On the allegations of ‘judicial recklessness’ he earlier leveled against the CJN in relation to the Sokoto State gubernatorial election appeal in 2007, Justice Salami urged the trial court to issue “a declaration that the 3rd Defendant, CJN, has no power under the Constitution of the Federal Republic of Nigeria 1999(as amended) to issue as administrative directive halting or purporting to halt the delivery of judgment by panel of the Court of Appeal in a Governorship Election Petition and that any exercise of such power by the 3rd Defendant is ultra vires and in breach of the combined effect inter alia of Sections 6, 232, 233,234, and 246 of the said Constitution”.
Even as he has urged the High Court to “restrain the NJC, its acting chairman, Justice Musdapher, and the CJN, their agents, servants and / or privies and all functionaries of the 1st Defendant or otherwise, howsoever, from acting on, relying on, recommending or taking or further taking any action or decision whatsoever in respect of the findings of Abdullahi and the Auta Panels.
Issue “an order setting aside the warning letter dated 9th August, 2011 Ref.
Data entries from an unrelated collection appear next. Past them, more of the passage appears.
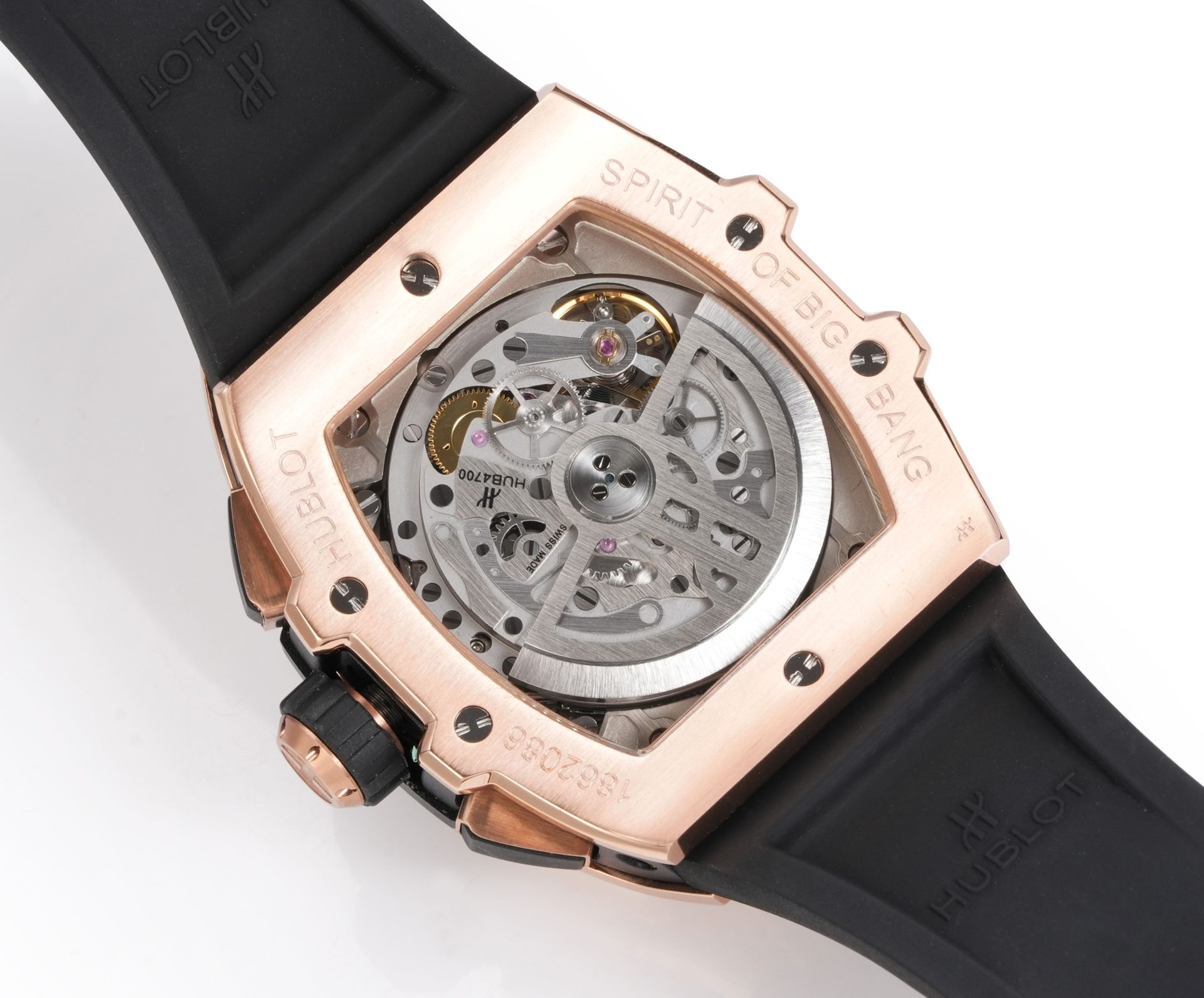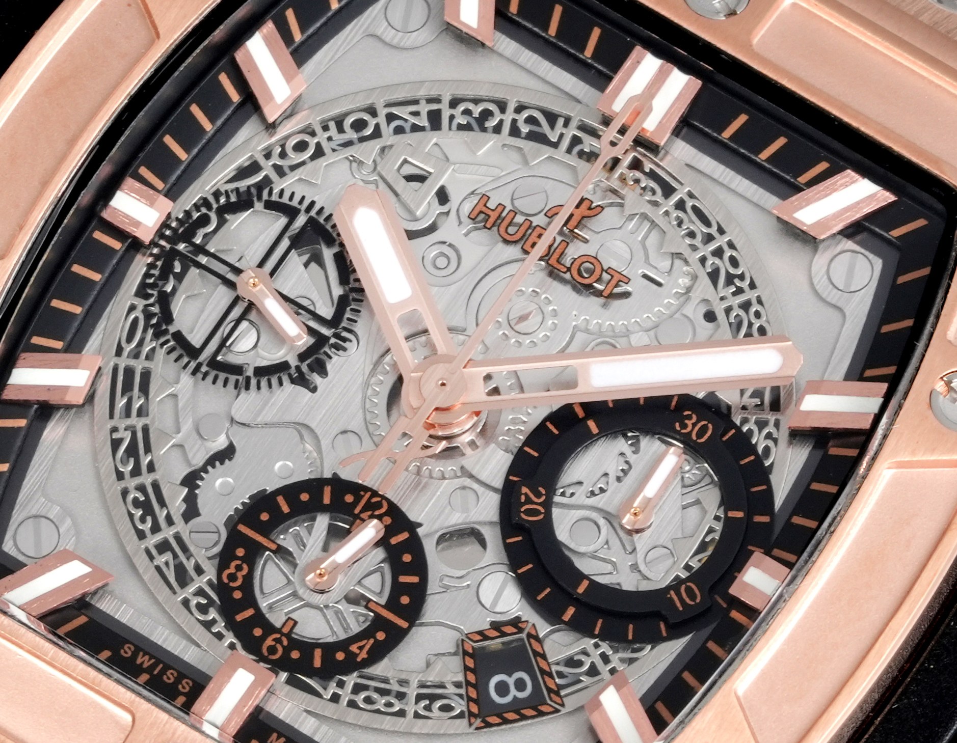 One of the defining characteristics of this watch is the ‘sandwich’ structure, innovatively assembled using six H-shaped screws. This construction not only serves a functional purpose but also symbolizes Hublot’s commitment to the ‘Art of Fusion,’ merging different materials and techniques into a harmonious whole. At the heart of this watch lies the HUB4700 movement—a near-perfect rendition of the popular El Primero caliber, signifying precision and reliability.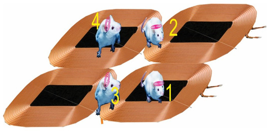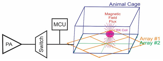 Various methods have been provided to power the receiver. Maximum transmission powers, uniform magnetic field and the elimination of blank spots are the reasons for using such methods [13]. Using a coil as large as the dimensions of the cage to cover the moving area of the receiver is one such method [14]. Although the large coil has a simple structure, it needs to be modified due to the nonuniformity of the electromagnetic field as well as the low efficiency [15]. This method was replaced by the idea of the power transmission array because the power transmitted in the center functions as a peak, and the power decreases around the animal behavior test environment or cage. In the coil array method, the movement of the receiver coil is followed by using several transmitters in an array. Power transmission has higher efficiency and is transferred to the receiver in a localized manner [16,17].
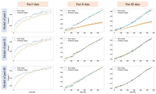 To verify the superiority of the state partitioning method, the models were trained separately using three data partitions, and each partitioned model was used to predict the data of the different partitions. The prediction results are shown in Figure 10.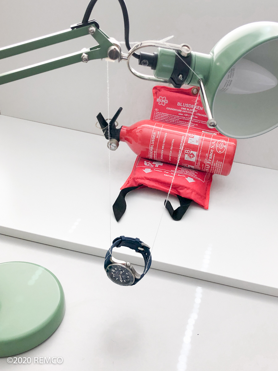 Het horloge gewoon ergens bijleggen was me wat te eenvoudig en dus kwam er deze keer een Ikea ‘schaarlamp’ en een beetje garen aan te pas. Ophangen dat ding, laten zweven. Dat was het doel.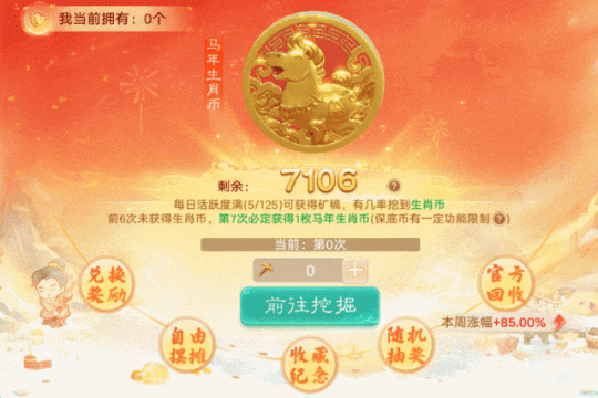 除了收藏价值和官方回收,今年生肖币还可以兑换生肖马主题限定外观、珍稀神兽、马主题座驾、马主题时装、龙马凝神丹、元气丹、幻肤丹、高宝图等20多类稀有物品,解锁更多游戏乐趣!

No: NJC/f.2/CA1/1/273 written by the NJC to the Plaintiff.
“A perpetual injunction restraining the 1st, 2nd, and 3rd Defendants from taking any or further action, reaching any conclusions or issuing any directive(s) in any form whatsoever in respect of the various petitions written against the Plaintiff in respect of which the 4th Defendant’s (Abdullahi) Panel was set up by the 1st and 2nd Defendants.
Likewise “a perpetual injunction restraining the 1st, 2nd, and 3rd Defendants from taking any or further action, reaching any conclusions or issuing any directive(s) in any form whatsoever in respect of the findings and recommendations of the NJC Investigation Committee chaired by the 4th Defendant and the three-man (Auta) Panel chaired by the 9th Defendant.”